Medicine and healthcare stopped being paternalistic long ago, where we relied on the ultimate trust of a physician’s opinions, when patients unwearyingly accepted and followed their doctor’s advice, without contemplation. Now, equipped with unlimited sources of information available online, we have been transformed from quiet sufferers
to people who question doctors’ opinions and look for faster, easier, cheaper, and more convenient and sustainable solutions to our health problems.

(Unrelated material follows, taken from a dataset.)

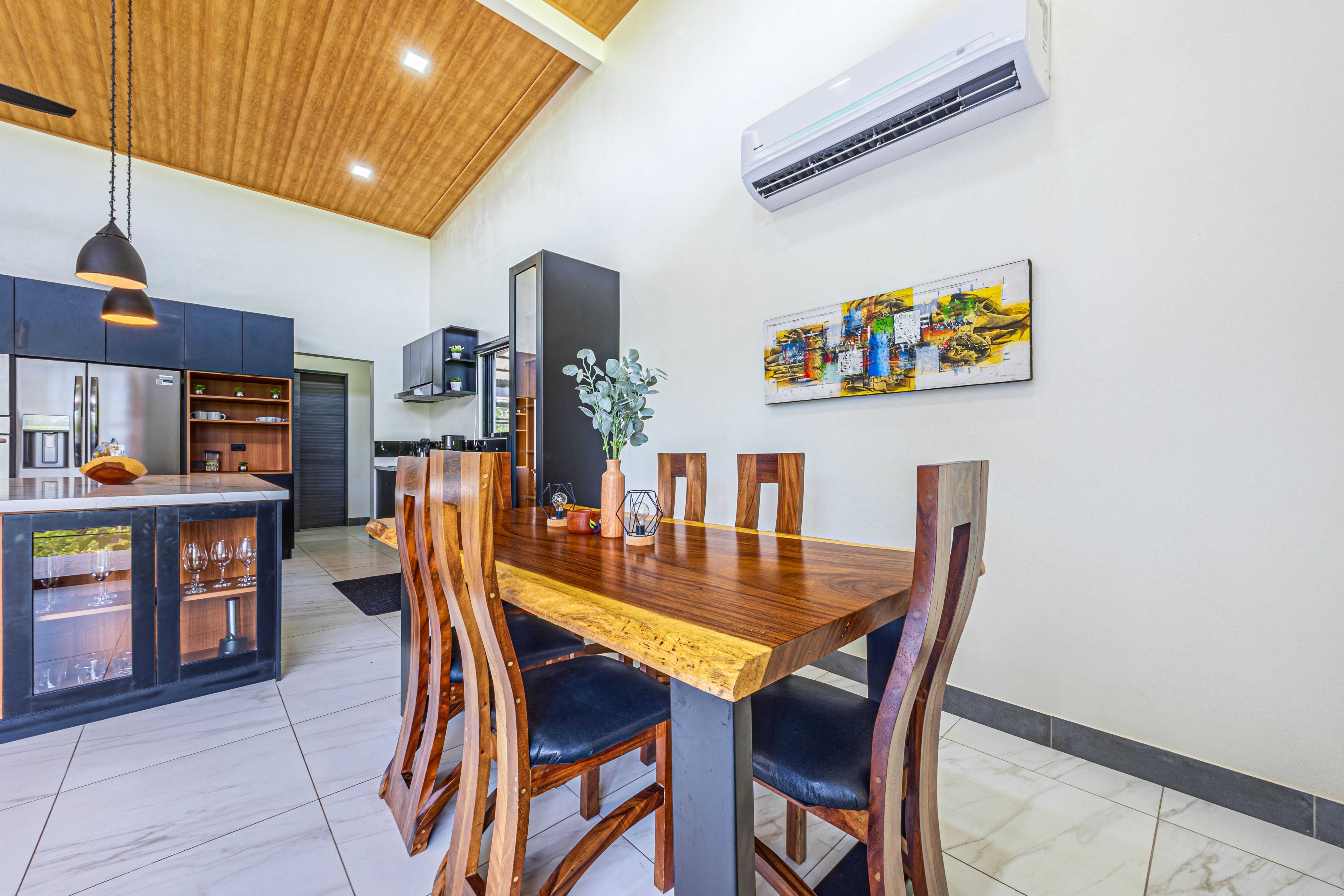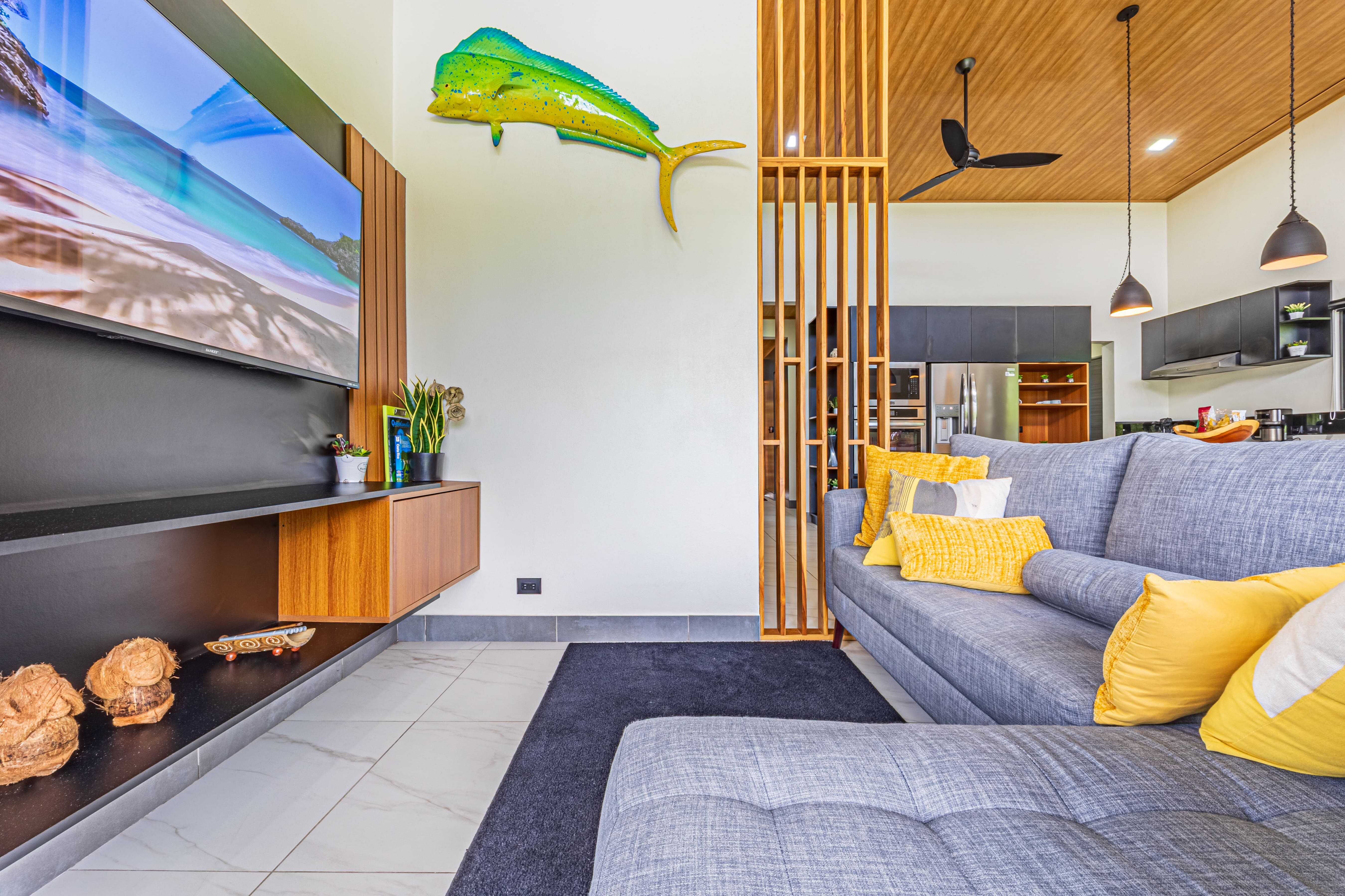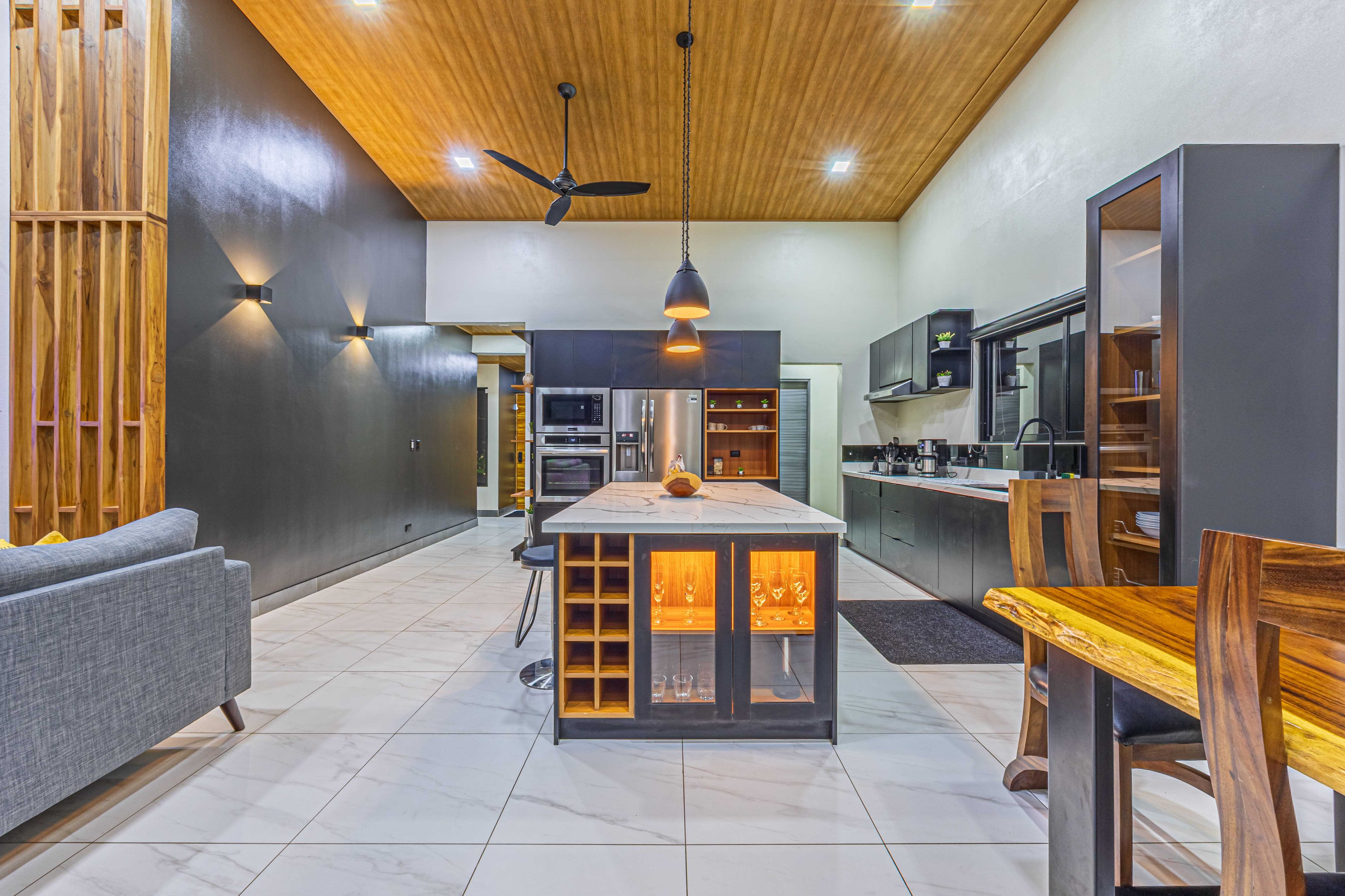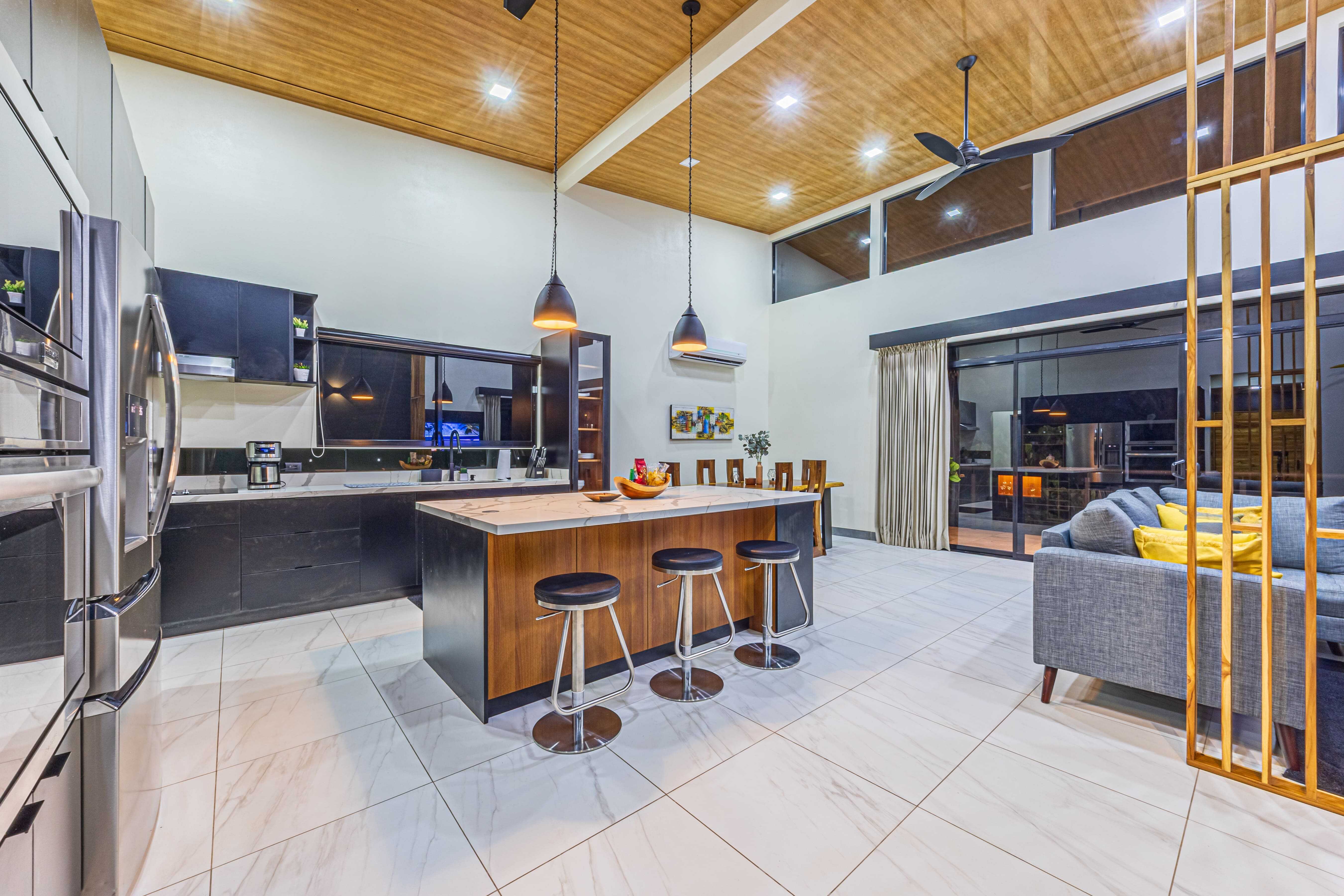 Inside, you’ll find an open-concept layout with soaring wood-accented ceilings, a spacious living and dining area, and a fully equipped kitchen with custom cabinetry, a large island, stainless steel appliances, and quartz countertops—perfect for hosting family or guests.

The time has passed when the patient-doctor relationship and trust determined the rules. Medicine has become technologically advanced, as well as a complicated and profitable business, with rules to protect the interests of many beyond patients and doctors. Many of us feel influenced by faceless bureaucracies, with their regulations that come above the purpose of patients seeking medical care and doctors who have dedicated their craft to provide it. The patient-doctor relationship has extended to the relationships within circles, which involves insurance companies, pharmacies, medical practice teams and administrators at different levels of the hierarchy within healthcare systems. Patients and doctors have to develop working relationships not only between each other—a challenge in itself—but also with these healthcare teams, to transform the doctors’ advice into the reality of diagnosis and treatment.
This transformation in modern healthcare has required new skills from patients and their doctors to overcome the challenges these changes present, far from the previously simple patient and doctor interactions. Overwhelmed with discovered genetic loads, self-destructive behaviors, illnesses and longevity pursuits, patients try to get through the current barriers to the sources of wisdom, skills and experience of compassionate physicians to receive scientifically advanced medical care that is not only safe but also convenient. They have learned to study their healthcare records, search for medical information and shop
for doctors, hospitals and treatments.
Doctors have been transformed into providers,
who, in addition to the lifelong learning of medicine, have to develop skills in electronic communication, telemedicine, and patient satisfaction, and speak a language of billing, coding, value-based quality metrics, and customer service.
There are no instructions on how to care about your health. Are my symptoms dangerous? Who should I tell about my symptoms and when? What online health information is reliable? Should I try dietary supplements before going to the doctor? Should I talk about all my problems when I’ve just met my new doctor?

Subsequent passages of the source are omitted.